Melissa McCarthy thinks 'we got off track for a while' when it comes to women in comedy
Melissa McCarthy’s latest film, Can You Ever Forgive Me?, isn’t the high-energy knee-slapper type we’re used to seeing her in. But, as with everything the comedy queen touches, it’s still funny. In the dark comedy that’s based on a true story, McCarthy plays writer turned literary forger Lee Israel.
And now that she’s reached the point in her career where she’s crossing genres, the superstar is recalling how it all began. She paid homage to her early champions during an AOL Build Series interview on Tuesday.
“The biggest lucky stick I got hit with was, two female friends of mine, Kristen Wiig and Annie Mumolo, wrote Bridesmaids,” McCarthy said. “They wrote a story that all of us didn’t know if anyone would go see … and they called me in for it, which never ever would have happened if these two women hadn’t written a story about real women that people completely underestimated that anyone would go to see it,” she shared. “I was working before then a little bit. I had steady work. But I think that was the first thing that allowed me to … they didn’t give me a part that I couldn’t relate to.”
She won’t take the credit for changing the landscape for comedic women, though. “I have to say, I watched Jane Curtin, and Gilda Radner, and Carol Burnett, and Madeline Kahn. I always felt like they paved the way.” She did help repave it, however. “I think we got off track for a while where it was like, hey, where are those parts that I grew up watching?”
Those are the parts that McCarthy found, the latest of which is a grumpy, struggling writer. Can You Ever Forgive Me? is about the lowest point in the biographer’s life, based on the writer’s memoir of the same name. It also looks at a friendship between two gay friends, a man and a woman, but very subtly, and McCarthy liked it that way.
“I think you’re always on the right path with something when you’re just showing people who are. They are this. … It’s not something they’ve picked up or suddenly acquired,” she said. “I think it’s the best of what we can do when we can show the world … as just someone is something. They’re also so many other things. It’s a section of who they are. And that it’s not something that has to be talked about, or like, ‘How do you feel about it?’ It should be like: It is,” she said.

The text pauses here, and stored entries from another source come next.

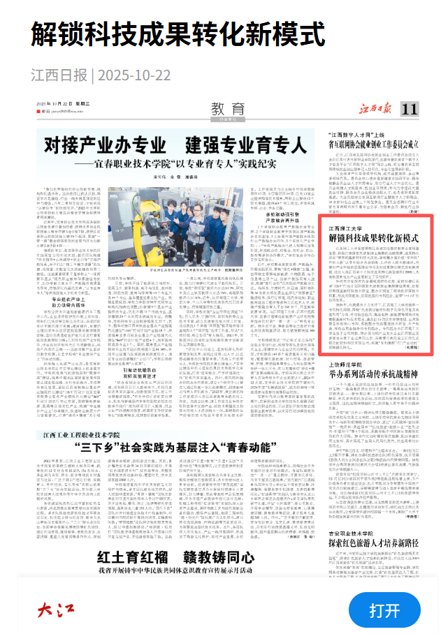 紧密聚焦江西省加快推进制造业高质量发展、积极打造国家先进制造业集群的战略部署,成果转化项目“聚焦铜基新材料技术攻坚,高校整合高价值‘专利包’作价入股”以专利组合为金钥匙、以作价入股为新路径,凭借对产业升级的显著推动作用及对成果转化模式的创新突破,成功入选江西省十大科技成果转化典型案例(2025),为高校服务地方产业发展树立了示范标杆。
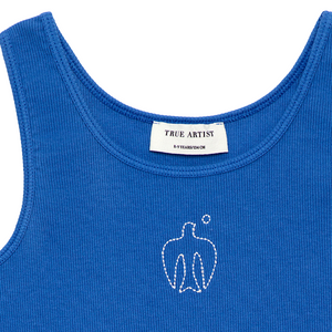Tank-Top mit Rundhalsausschnitt und kontrastfarbener Vogel-Stickerei auf der Brust.
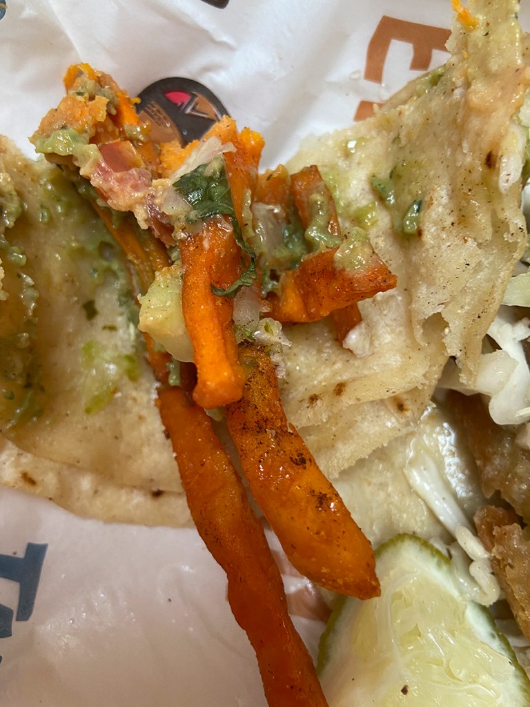 Since I had looked at the menu online, I was almost ready to order. When I am visiting a restaurant for the first time, I like to ask questions about the food. I was very pleased that there were two vegan options on the menu, the vegan sweet potato and the battered avocado tacos.
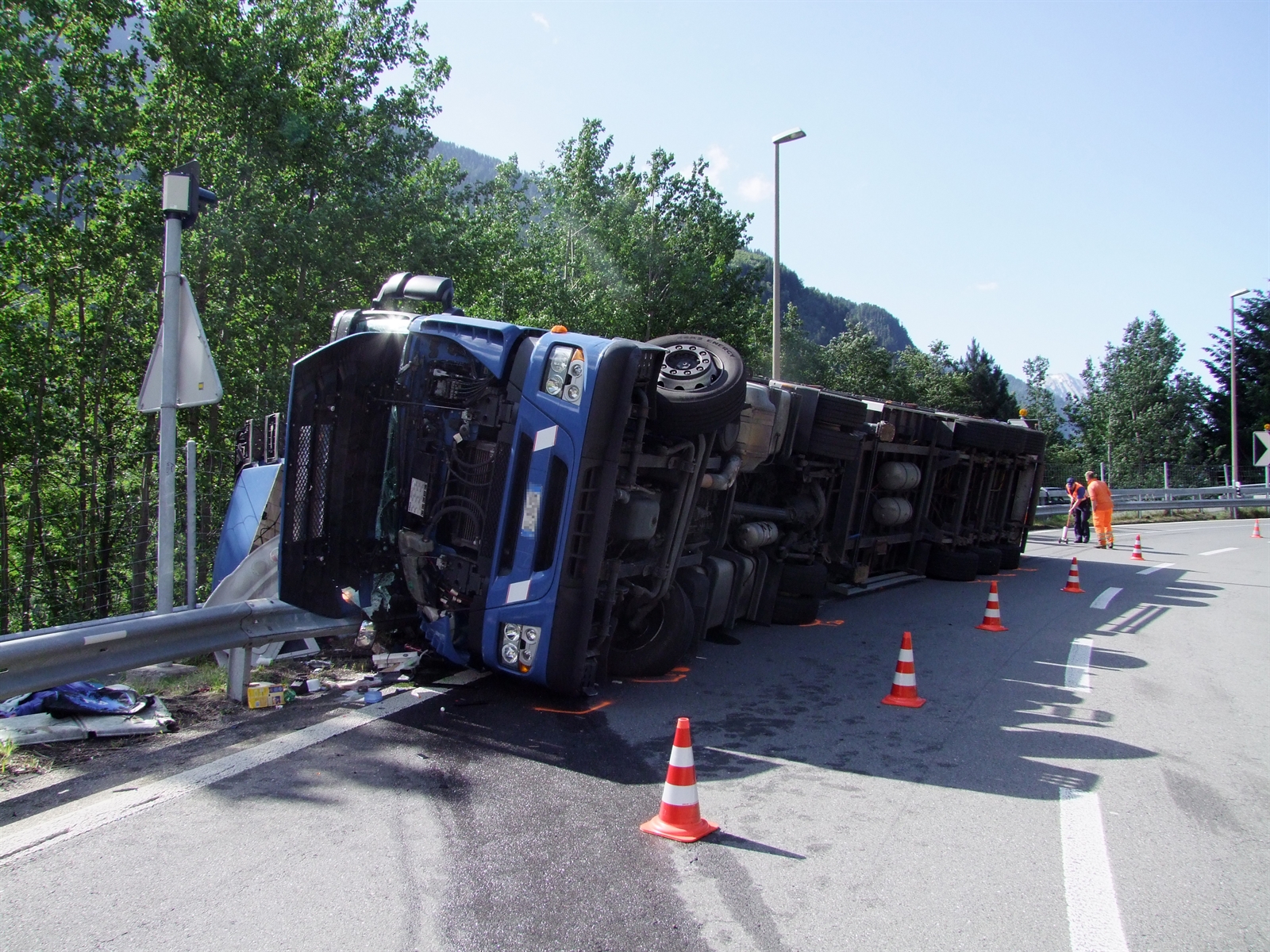 Ein 52-jähriger italienischer Fahrzeuglenker fuhr mit dem Sattelmotorfahrzeug auf der A 13 in Richtung Süden. In der sogenannten Valascia-Kurve bei Mesocco verschob sich die ungesicherte Ladung auf dem Auflieger. Durch die Gewichtsverlagerung kippte das Fahrzeug um. Der Lenker blieb unverletzt. Die Bergung des Fahrzeuges, sowie das Umladen der Ladung von Hand, gestaltete sich äussert schwierig und dauerte bis zum späten Nachmittag. Der Fahrzeugverkehr konnte die Unfallstelle einspurig passieren. Der Sachschaden am Strassenkörper, Leitplanke und Wildschutzzaun ist sehr gross. Am Sattelmotorfahrzeug entstand Totalschaden. Neben der Kantonspolizei Graubünden standen das Tiefbauamt Graubünden und ein Abschleppunternehmen im Einsatz.
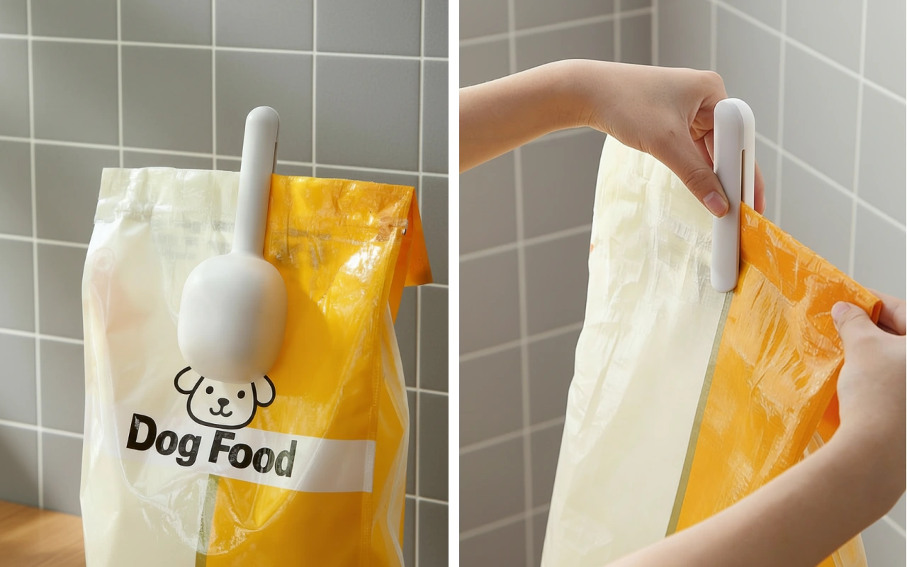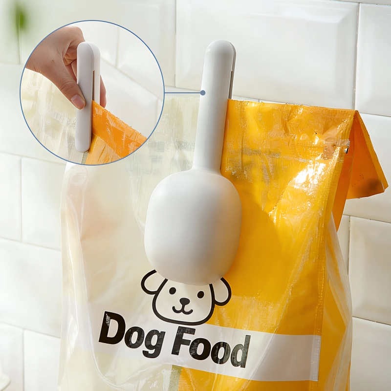 Ik gebruik deze schep elke dag graag omdat mijn handen schoon blijven en hondenvoer nooit morst. De clip zorgt ervoor dat het voer langer vers blijft.
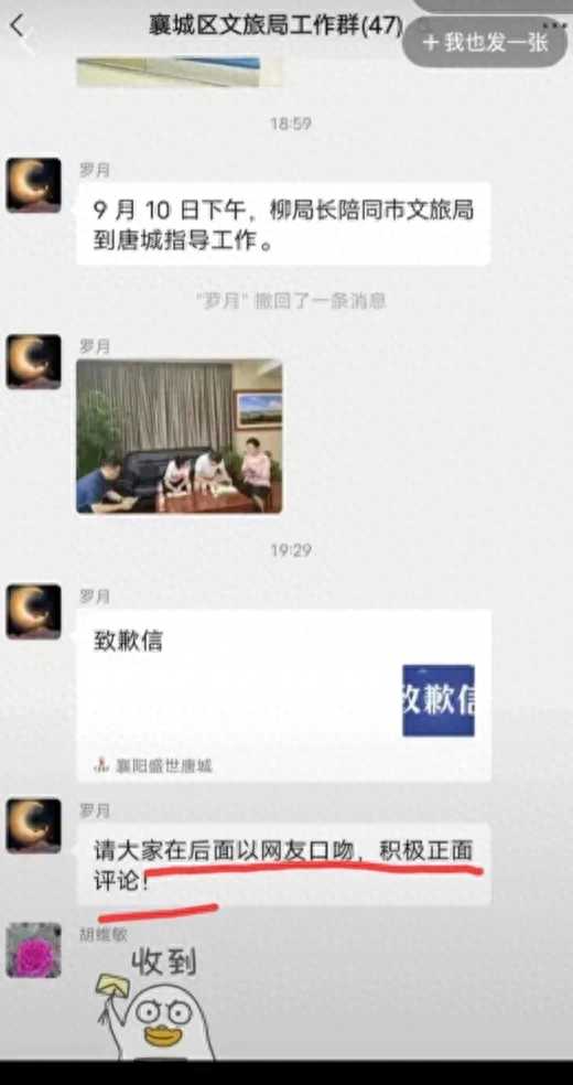 但是领导知道文旅局过来调查就开始怂了,开始在工作群表示,致歉信已发出,要求大家在后面以网友的口吻,积极正面评论。
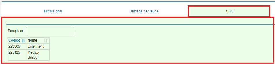 - CBO: apresenta os CBOs cadastrados para o profissional

“If a male character has a husband and it’s not on topic … I always think you show the world that you want people who maybe don’t get the chance to be around it … they can start to realize, like, oh, the world won’t explode. It’s fine,” she reasoned about presenting gay characters without any fuss or plot tie-in. “You have to start showing the real world. … I think when filmmakers do that … they show the world, and everyone just watches.”
McCarthy is a major proponent of showing real people. “I think if we stop telling stories, we lose our tether to each other. I think it’s important to watch a story about lonely people just trying to be seen, because it makes everyone who watches it, I think, go, ‘I felt like that. Which means everybody feels like that. I’m not alone,’” she explained. “We’re all kind of in this together. It spreads out the spiderweb, I think, in a way that is really good for people to see.”